6. If you decide to renounce U.S. citizenship and obtain a Certificate of Loss of Nationality (CLN) you'll likely need past years' tax filings to do it;

7. It's reasonably likely that employers, financial institutions, governments, and others will increasingly require their clients and associates to be tax compliant in order to avoid their incurring certain risks.

FBARs (FinCEN Form 114) are different. There is a penalty for non-filing (or for late filing) if you are required to file a FBAR. Whether the penalty is charged or not is a separate question, but the U.S. Treasury certainly has the legal right to collect penalties if you're late, don't file, or file a false report.


----------



## billthomson (Aug 20, 2014)

I wanted to clarify, the reason I suggested I'd have the kids renounce at 18 is that my understanding is that between 18 and 18.5 you can renounce without having to document 5 years of tax compliance, I seem to recall it's easier to renounce in this time frame (albeit you still need to pay the ridiculous new fee).

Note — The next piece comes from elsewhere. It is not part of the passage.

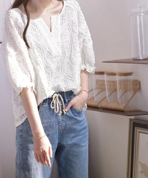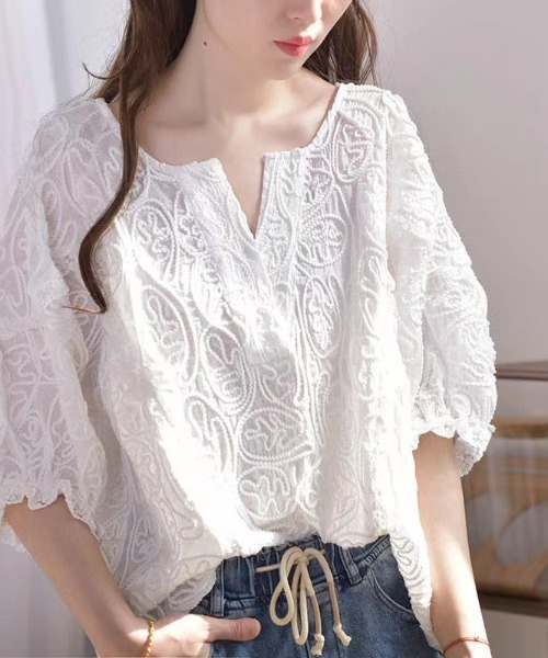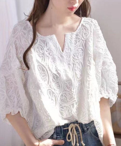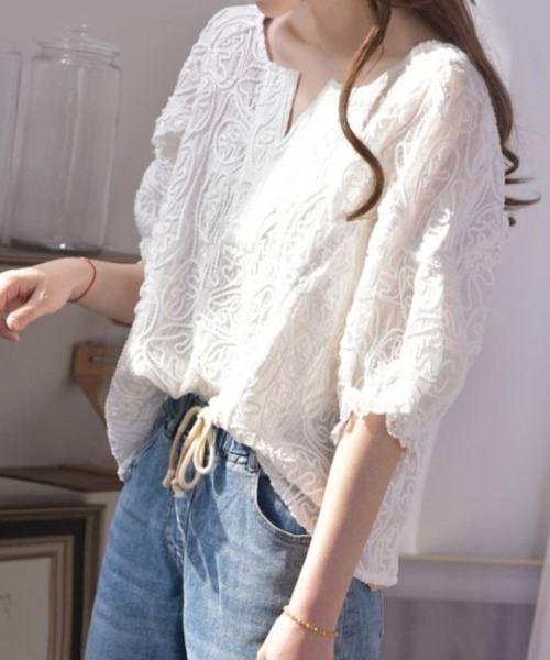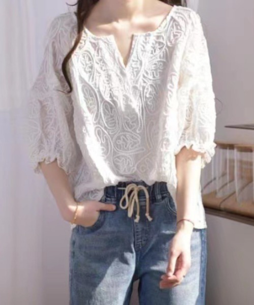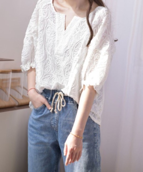 キーワード:ブラウス シャツ レディース 半袖 無地 夏 春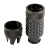 The Barking Spider is designed to redirect noise, blast, and concussion forward and away from the shooter (down range). It also increases the back pressure which in turn can increase the reliability in a short barrel application where dwell time has been sacrificed for barrel length or the increased pressure is needed for sub sonic or weak ammo. The Barking Spider can be used on any barrel length but it really shines in short barrel applications. The Barking Spider is Modular in that it can accept multiple different end caps, attachments, and thread protectors. The Modularity allows the operator to tailor the weapon system for a specific application. The front end of the Barking Spider has an integrated striking device or glass breaker with 1 1/8″ wrench slots for easy disassembly making cleaning and maintenance a breeze. The internals come out the front leaving the body attached to the barrel. This allows you to pin (perm attach) the body to the barrel to meet 16″ OAL requirements yet still be able to disassemble the muzzle device from the front. The Barking Spider was specifically designed to handle full auto and high volume fire. The Barking Spider features a cutting edge blast cone design which is supported in both the front AND the rear. This feature not found on any other Krinkov muzzle brake eliminates the cone from sagging in extremely high temperatures. The Barking Spider, patent pending, is 100% Made in the USA and features a Lifetime Warranty!

And yes, even though it is very unlikely that they'd owe anything, my personal experience is that the actual filing/forms can't be filed properly on a TFSA/RESP/Mutual fund based on the info provided for the accounts at year end. I'd like to think the US will deal with this before it impacts my kids, but I'm not hopeful. I didn't make my first mutual fund or retirement contribution until I was in my 30s, but I'd encourage my kids to put away a small amount earlier.


----------